§ Your objective: Below are entries with pictures among them; reproduce exactly, and only, the lines from the one containing "Hệ thống 6 túi" down to the one containing "Scena z towarzyszą", without the pictures.

§ Exercise input:
-*-
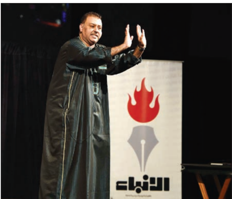
النجم حسن البلام في أحد مشاهد مسرحية «مر يا حلو»

قال نائب مدير إدارة شؤون الموظفين في الهيئة العامة للاستثمار عادل الوسمي إن الهيئة تُعتبر من المؤسسات الرائدة في تدريب وتأهيل الشباب الكويتي حديث التخرج، مضيفاً أن الغرض الرئيسي للهيئة هو الاستثمار للأجيال القادمة بعد أن أخذت على عاتقها تدريب الشباب الكويتي. وأضاف الوسمي: ففي الوقت الحالي تم تخريج الدفعة الـ 32 وكل سنة تأخذ دفعتين تدريبيتين وبذلك نحن نتحدث عن 11 سنة خبرة في مجال تطوير وتدريب الشباب الكويتي.
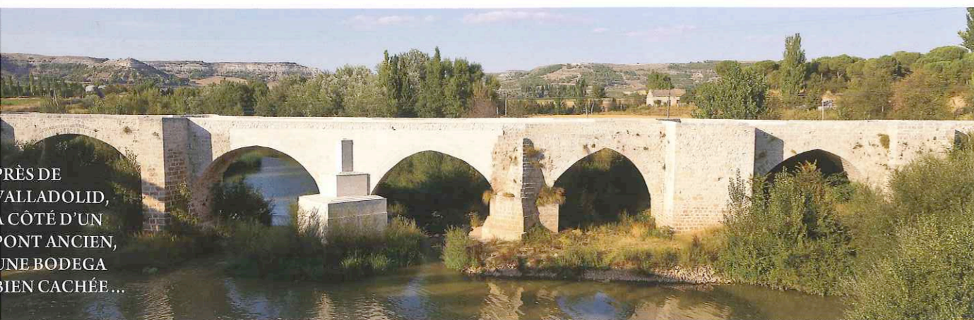
PRÈS DE ALLADOLID, CÔTÉ D'UN PONT ANCIEN, UNE BODEGA BIEN CACHÉE...
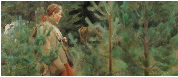
Vallflicka av Anders Zorn
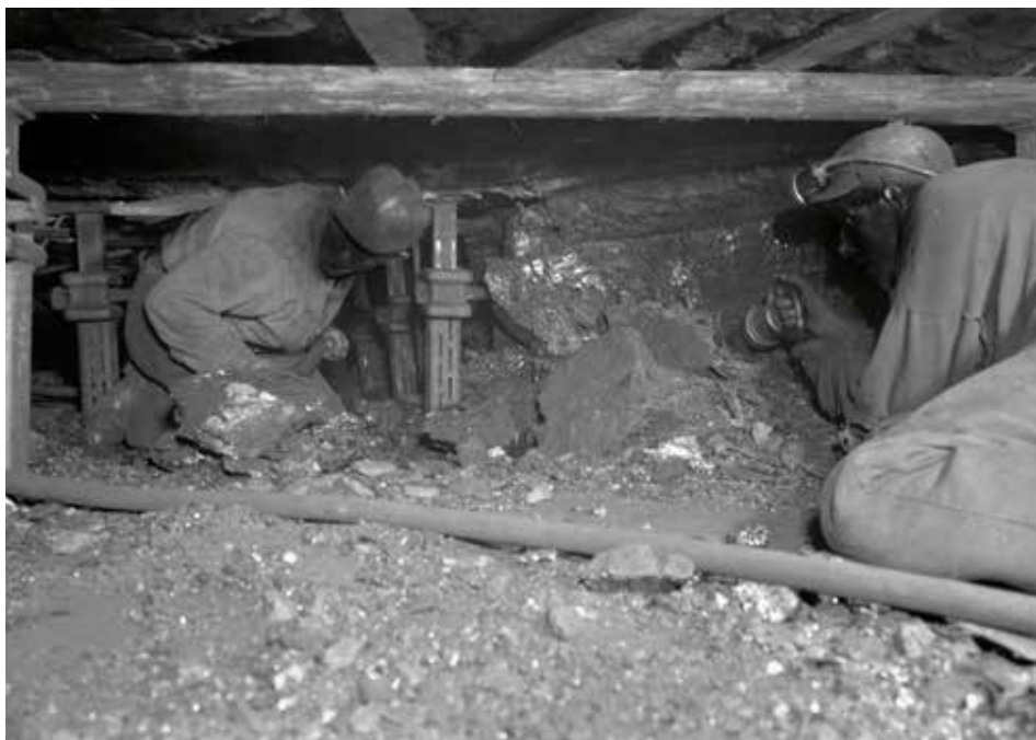
Een houwer en hulphouwer aan het werk in één van de pijlers van de Willem-Sophia, 1948.

De leeftijden van hen die op 27 augustus 1945 begonnen, liepen uiteen van 18 tot en met 54 jaar. De meesten waren jong. Hoewel 16- of 17-jarigen ontbraken, was toch 65 procent tussen de 18 en 35 jaar, van wie 54 procent zelfs 25 jaar of jonger. Als we kijken naar de latere periodes van aanstelling, dan lopen de percentages niet wezenlijk uiteen. Alleen is opvallend dat het percentage 18- tot 25-jarigen eerst daalt van 32 naar 24 procent, maar dat dit percentage tussen februari en juni 1946 stijgt naar 48 procent. Met andere woorden: bijna de helft van de in 1946 aangestelden is 25 jaar of jonger. Kwam dat door de toeloop van delinquenten na april 1946? In de overeenkomst die op 1 juni 1946 van kracht werd, was geen bepaling opgenomen over leeftijdscriteria. 19
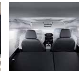
Hệ thống 6 túi khí (Phiên bản 1.0 T-GDI Đặc biệt)
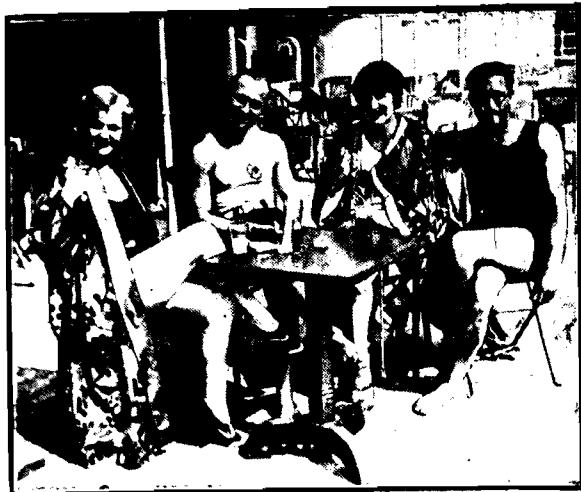
Scena z towarzyszą londyńskiego państwo Bakem i państwo Kidman.
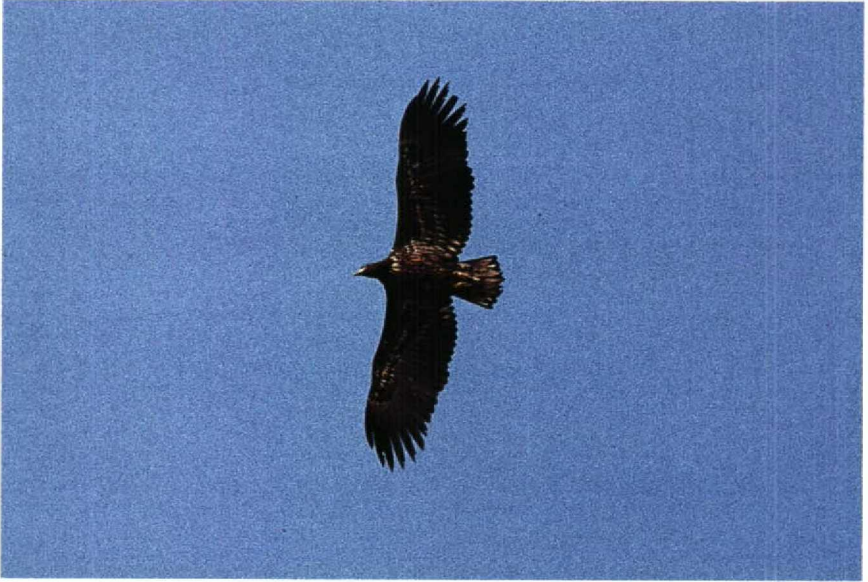
72 White-tailed Eagle Haliaeetus albicilla , Brabantse Biesbosch, Noordbrabant, Netherlands, January 1990 (René Pop) 73 Caspian Plover Charadrius asiaticus , Eilat, Israel, March 1990 (René Pop)
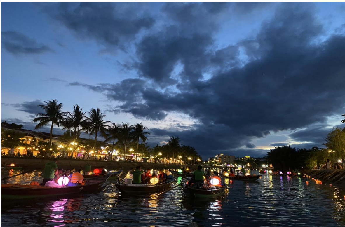
圖 5：惠安古鎮搭乘船隻夜遊祈福
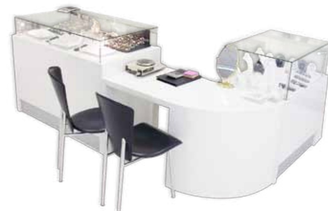
Comptoir vitrine + Caisse
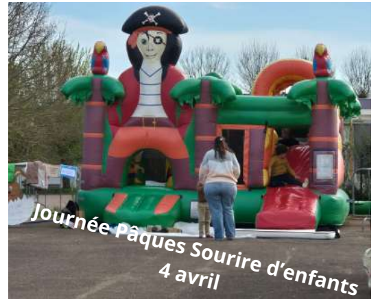
Journée Pâques Sourire d'enfants 4 avril
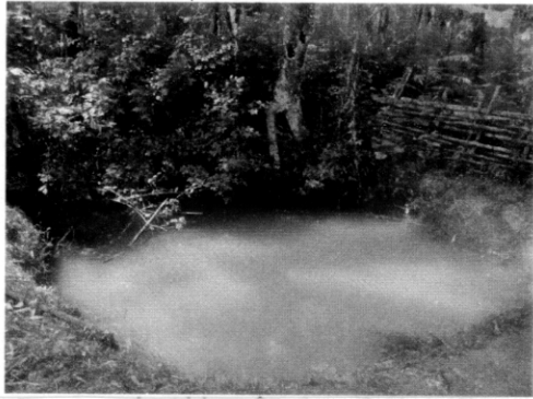
シンカイ村。パラウン集落水場。 水質は劣悪である。
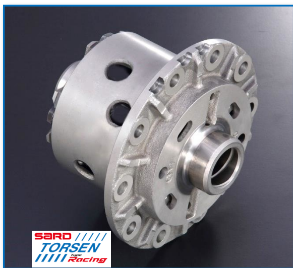
< SARD TORSEN Type Racing >
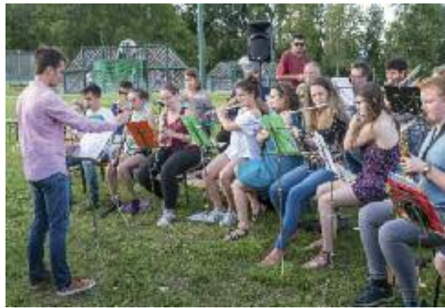
Jeudi 21 juin - Fête de la Musique
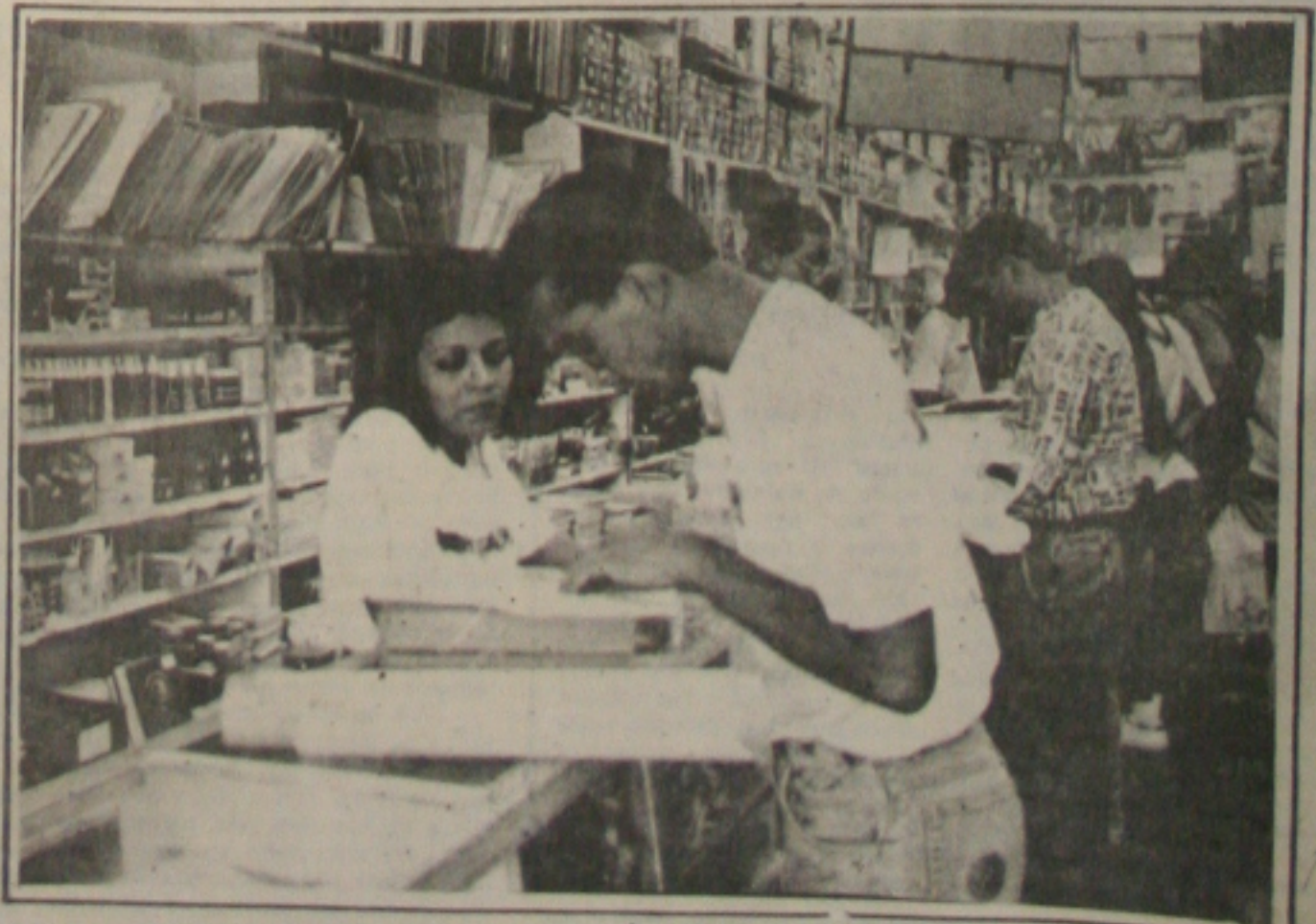
Livrarias, é cada vez mais intenso o movimento.
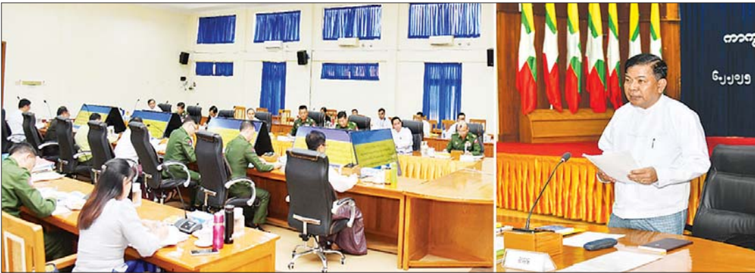
နိုင်ငံတော်စီမံအုပ်ချုပ်ရေးကောင်စီအဖွဲ့ဝင်၊ ဒုတိယဝန်ကြီးချုပ်နှင့် ကာကွယ်ရေးဝန်ကြီးဌာန ပြည်ထောင်စုဝန်ကြီး ဗိုလ်ချုပ်ကြီး မောင်မောင်အေး အရွယ်မရောက်သေးသူ ကလေးသူငယ်များအား စစ်မှုထမ်းခြင်းမှ ကာကွယ်တားဆီးထိန်းသိမ်းရေးကော်မတီအစည်းအဝေး(၁/၂၀၂၅)တွင် အမှာစကားပြောကြားစဉ်။

နေပြည်တော် ဖေဖော်ဝါရီ ၆ အရွယ်မရောက်သေးသူ ကလေးသူငယ်များအား စစ်မှုထမ်းခြင်းမှ ကာကွယ်တားဆီးထိန်းသိမ်းရေးကော်မတီအစည်းအဝေး(၁/၂၀၂၅)ကို ယနေ့နံနက် ၉ နာရီတွင် ကာကွယ်ရေးဝန်ကြီးဌာန ပြည်ထောင်စုဝန်ကြီးရုံး အစည်းအဝေးခန်းမ၌ ကျင်းပရာ အရွယ်မရောက်သေးသူ ကလေးသူငယ်များအား စစ်မှုထမ်းခြင်းမှ ကာကွယ်တားဆီးထိန်းသိမ်းရေးကော်မတီ ဥက္ကဋ္ဌ နိုင်ငံတော် စီမံအုပ်ချုပ်ရေးကောင်စီအဖွဲ့ဝင်၊ ဒုတိယဝန်ကြီးချုပ်နှင့် ကာကွယ်ရေးဝန်ကြီးဌာန ပြည်ထောင်စုဝန်ကြီး ဗိုလ်ချုပ်ကြီး မောင်မောင်အေး တက်ရောက်အမှာစကား ပြောကြားသည်။
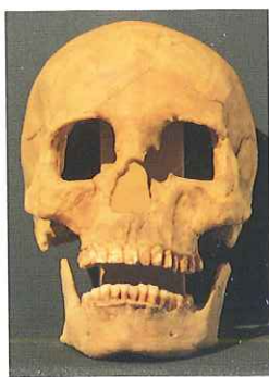
Lebka české královny Judity.

ních Teplic. Keltské mince s vyobrazením kance a koně svědčí o užívání léčivých pramenů. Obětovat bohům vod dokládají i nálezy římských mincí z počátku letopočtu, kdy místem procházely karavany kupců po pradávné cestě k horám a putování neustávala ani v čase bojů germánských kmenů. V době stěhování národů, kdy přišli do české kotliny Slované, se na Teplickou a Duchcovsku usadili Lemuzi, snad to bylo v 8. století. Lemuzské území bylo připojeno k přemyslovskému knížectví ke konci 9. století. Hradiště v Bílině, v Chlumci a Zabrušanech chránily tuto pohraniční oblast a důležité obchodní stezky přes Krušné hory (solná nebo srbská). Na území města bylo více osad, z nichž jedna již nesla jméno Teplice. První písemná zmínka týkající se Teplicka je z roku 1057. Na
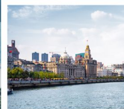
หาดว่อกาน
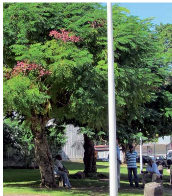
sénat des anciens, à l'ombre d'un grand arbre

A Trois-Rivières, le parc de la résidence Alloua Touna est à la fois destiné aux locataires des nouveaux logements de la SIKOA construits sur cette parcelle mais aussi à l'ensemble de la population du bourg qui peut s'y promener dans un cadre boisé, y profiter de la vue sur les Saintes, mais aussi y pratiquer la pétanque, jouer aux dames ou s'essayer aux agrès sportifs installés dans le cadre du programme régional de P3S (Parcours Sportif de Santé Sécurisé).
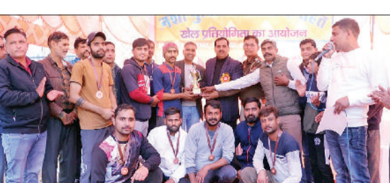
रेवाड़ी। विजेता टीम डीएसपी व अन्य अतिथियों के साथ।
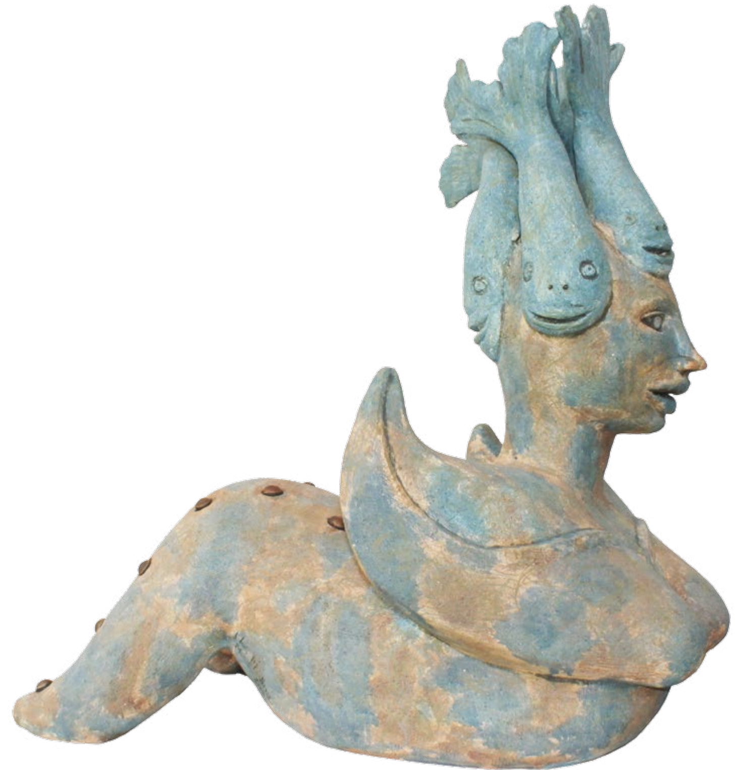
Sirena con corona de peces Alt. 88 cm, anch. 60 cm, prof. 85 cm Barro de alta temperatura

(...Y cuando desperté....el hermoso mar de la Costa Chica, había borrado ya todas las penas en mi corazón...)
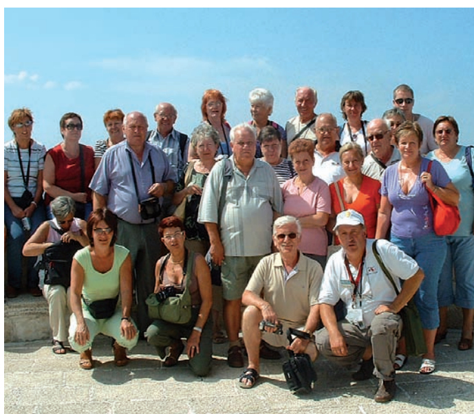
A csapat két évtized alatt igazi közösséggé vált

Még 1989-ben alakult meg az Orion Technikai Tömegsport Egyesület, amely számtalan díj és elismerés után a műszaki jellegű megmérettetések helyett most elsősorban a természet örömeire koncentrálnak mind Magyarországon, mind külföldön.
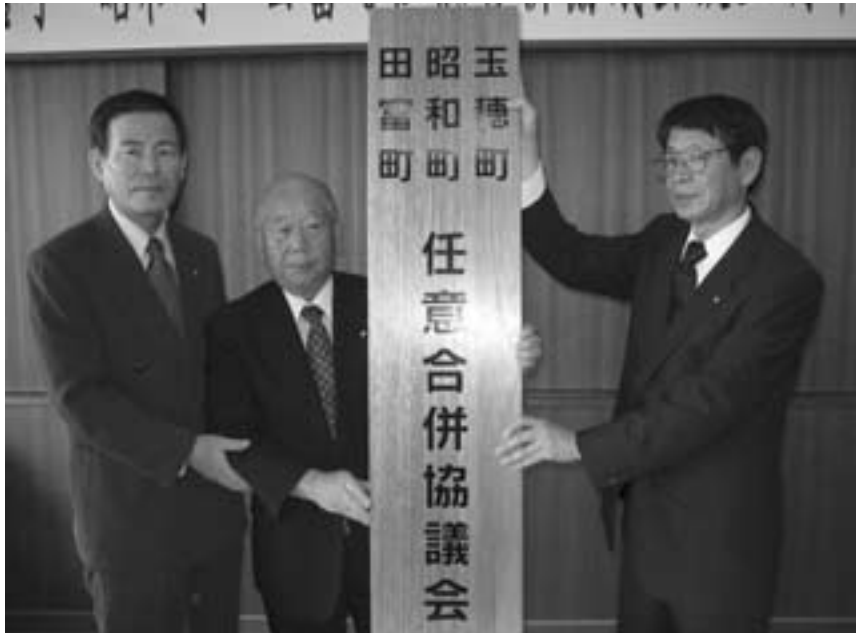
▶協議会の看板かけを行う三町長

8月1日昭和町総合会館において、玉穂町・昭和町・田富町の三町による任意の合併協議会設立調印式が行われました。
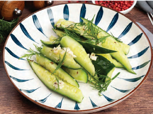
МАЛОСОЛЬНЫЕ ОГУРЦЫ 200г / 390₽
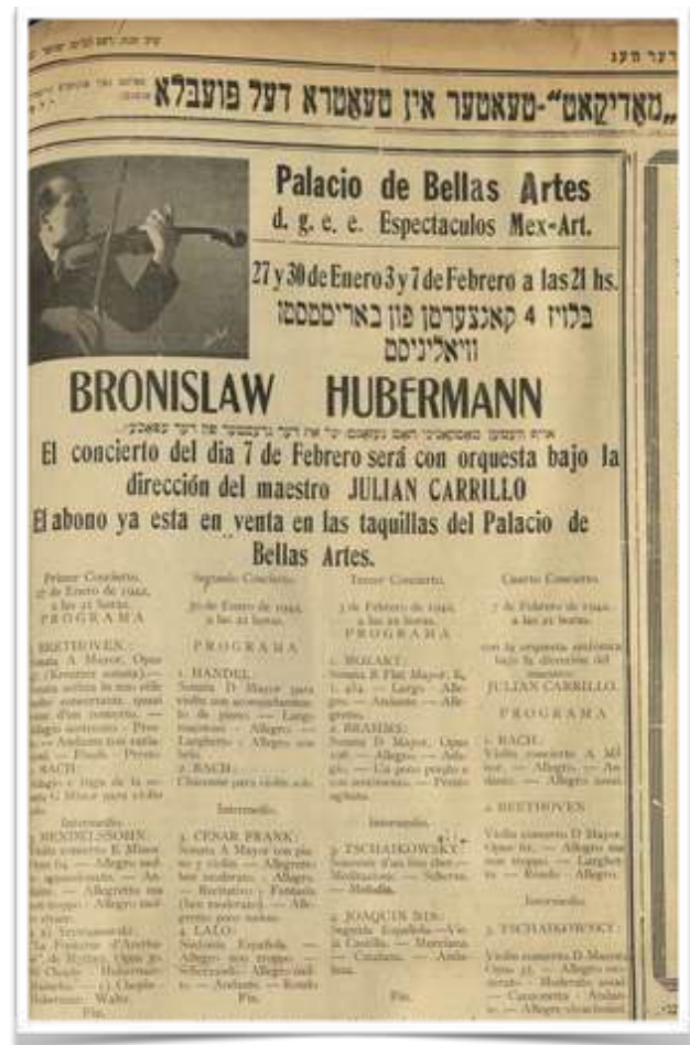
En este anuncio, publicado en 1942 en el periódico Der Weg , se detallan actuaciones de Bronislaw Huberman en el Palacio de Bellas Artes de la Ciudad de México.

A principios de 1942, Bronislaw Huberman estuvo en la Ciudad de México y ofreció cuatro conciertos en el Palacio de Bellas Artes. Una copia de su registro como extranjero, emitido por el Servicio de Migración en México, y varios anuncios de los conciertos que ofrecería,
-*-
§ Written answer:
Hệ thống 6 túi khí (Phiên bản 1.0 T-GDI Đặc biệt)
Scena z towarzyszą londyńskiego państwo Bakem i państwo Kidman.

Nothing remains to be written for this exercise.